6.   Amsino Compensation
  a.   Amsino will be paid, by Cytocore, $1.00 (per unit sold) above direct expenses
 
  b.   Direct expenses include
  i.   Pallets and wrapping material
 
  ii.   Cartons and related material for kit assembly
 
  iii.   Ocean freight and fees
 
  iv.   Freight to customer
7.   Additional Consideration
  a.   Amsino to provide weekly sales information to Cytocore
 
  b.   Amsino to provide weekly inventory information to Cytocore
 
  c.   Cytocore responsible for marketing program expenses.
8.   Open Issues for Discussion
 
9.   This term sheet does not represent a formal contract. All terms and conditions are subject to change upon development of final agreement.
 
10.   Amsino will maintain Cytocore’s receivables. This will include the responsibility of posting invoices and collections on Amsino’s billing and accounting system. Purchase orders will interface with billing invoices receivables and payments.
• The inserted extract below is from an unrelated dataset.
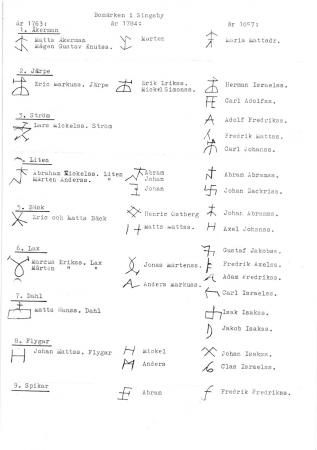 En del av gamla bomärken från Singsby

Amsino will verify credit worthiness and be responsible for collections.
         
Agreed by Amsino
  /s/ Phllander Kelsey    
 
       
 
  Phllander Kelsey    
         
Agreed by Cytocore
  /s/ Robert McCullough Jr.    
 
       
 
  Robert McCullough Jr.,    
11.   Each party can terminate the agreement on 90 day notice.